**What the task asks:** Nothing but the lines from the one containing "This 4K ELP-USB4KCAM30H-CFV" through the last line of the material should appear in the answer, transcribed exactly, pictures excluded.

**Data section:**
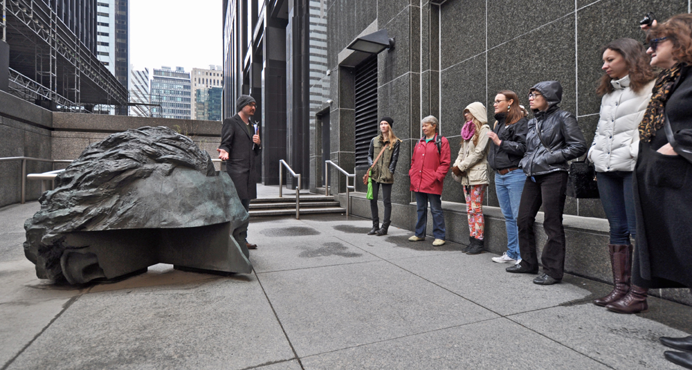 On a chilly and windy Saturday, Noel led the Jane’s Walk ‘Sculpture and the City’. The walk toured a variety of public art installations in the downtown core, challenging people to think about how these works contribute to our sense of community and place.
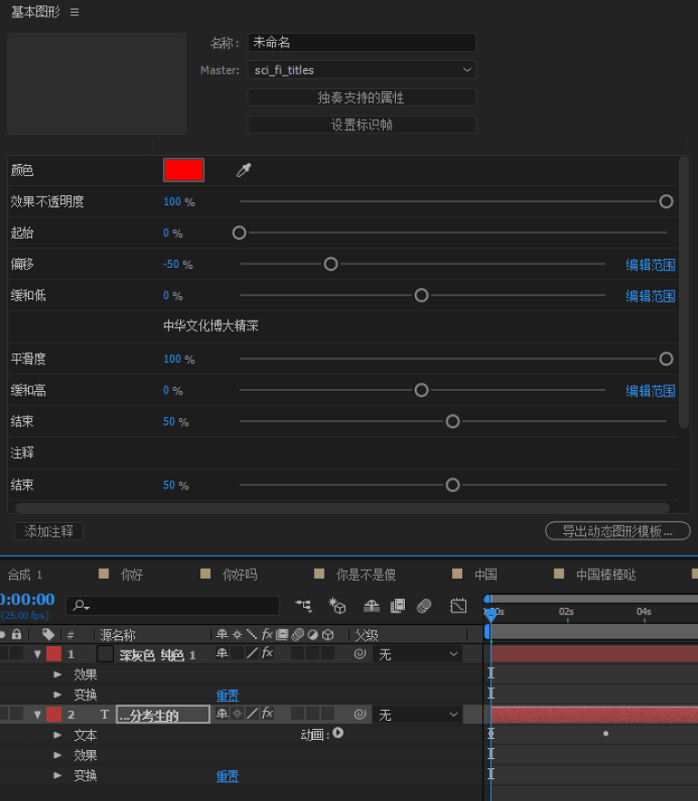 不在主要合成层级中的合成属性将被视为不相关的属性。将无关属性添加到基本图形面板时,会显示一条警告消息。系统仍会将这些属性添加到面板,但会高亮显示为红色。但是,在将合成导出为动态图形模板时,这些属性无法起作用。
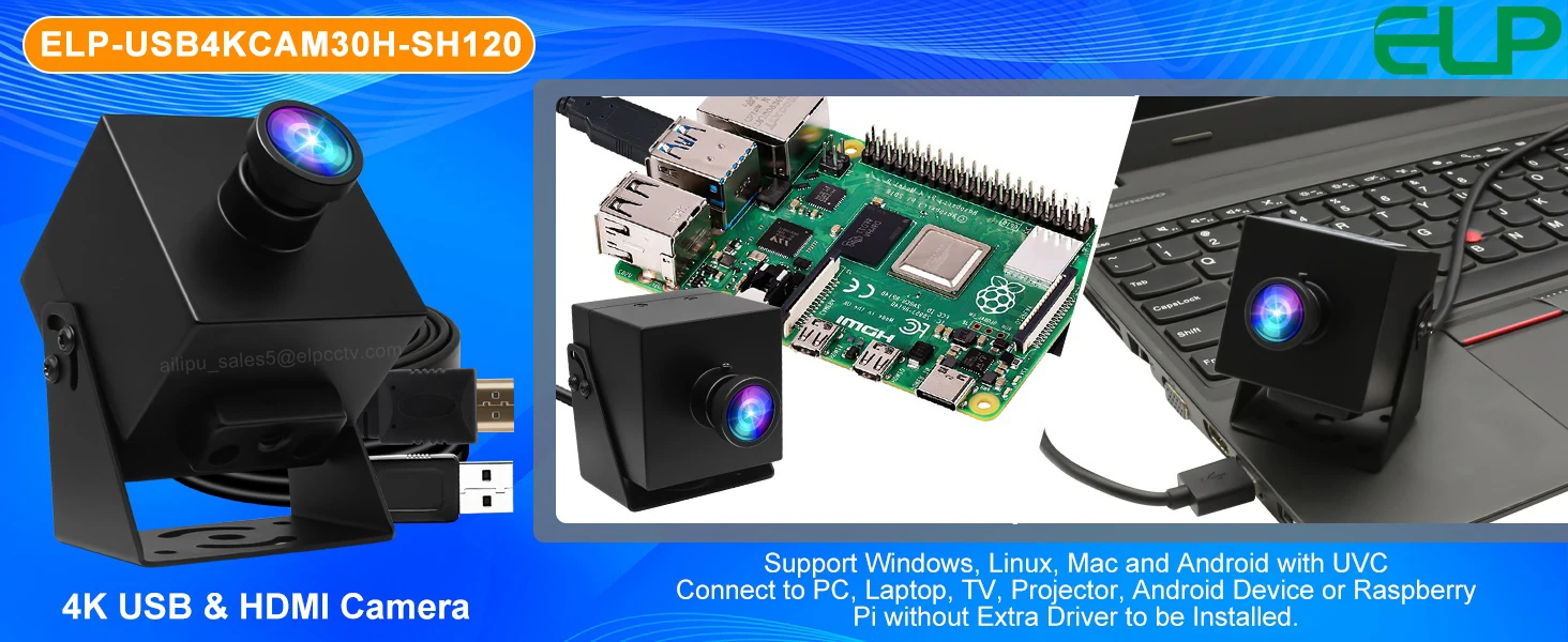 This 4K ELP-USB4KCAM30H-CFV USB3.0 HDMI Camera is a New member of ELP Cameras Family in 2024. It adopt 1/2.8″ Sony IMX415 Color CMOS sensor. With powerful H.264 Video Compression, provides you Ultra Smooth Uploading Experience. It can achieve Ultra HD 3840×2160 60fps,also Full HD 1080P 60fps Video Output, can support HDMI 4K 60FPS output. Support USB3.0 and HDMI Dual Output simultaneously. With wide angle no distortion 120 degree lens for super clear details images
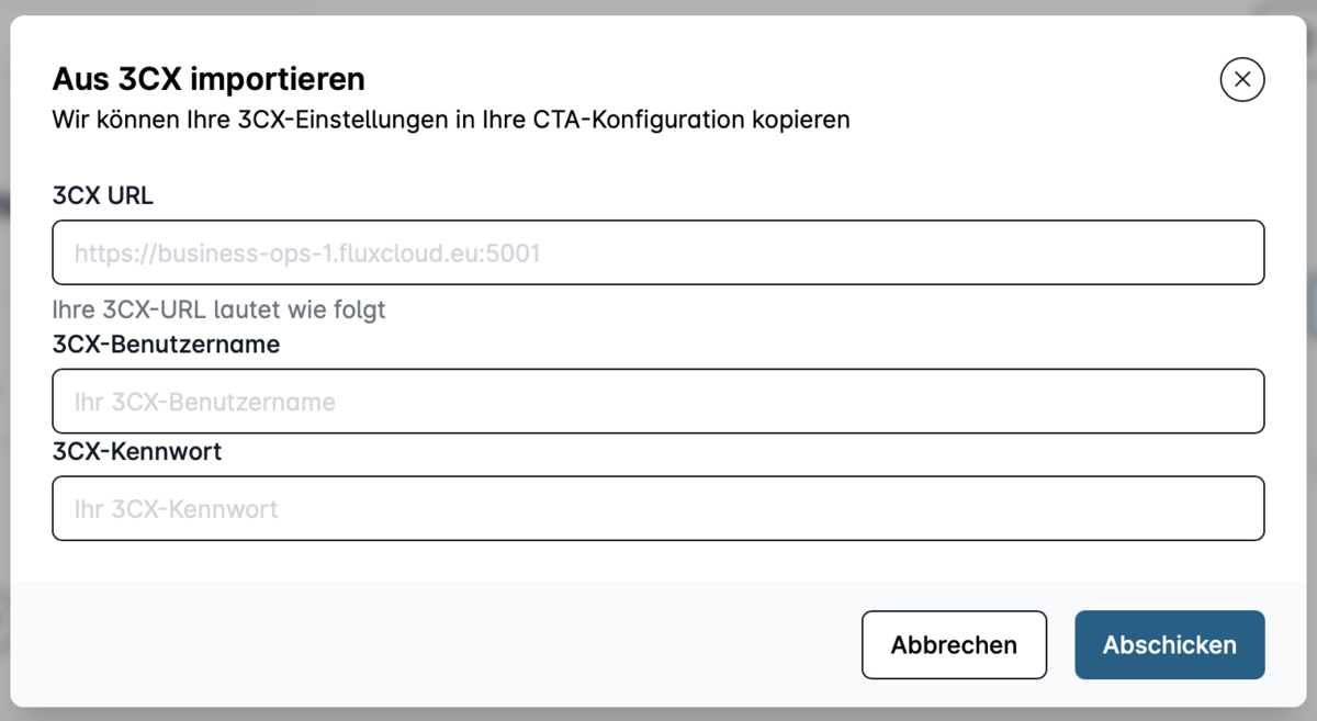 Im Fenster „Aus 3CX importieren“ füllen Sie bitte folgende Felder aus und bestätigen Sie Ihre Eingaben mit dann mit „Abschicken“.

**Answer:**
 This 4K ELP-USB4KCAM30H-CFV USB3.0 HDMI Camera is a New member of ELP Cameras Family in 2024. It adopt 1/2.8″ Sony IMX415 Color CMOS sensor. With powerful H.264 Video Compression, provides you Ultra Smooth Uploading Experience. It can achieve Ultra HD 3840×2160 60fps,also Full HD 1080P 60fps Video Output, can support HDMI 4K 60FPS output. Support USB3.0 and HDMI Dual Output simultaneously. With wide angle no distortion 120 degree lens for super clear details images
 Im Fenster „Aus 3CX importieren“ füllen Sie bitte folgende Felder aus und bestätigen Sie Ihre Eingaben mit dann mit „Abschicken“.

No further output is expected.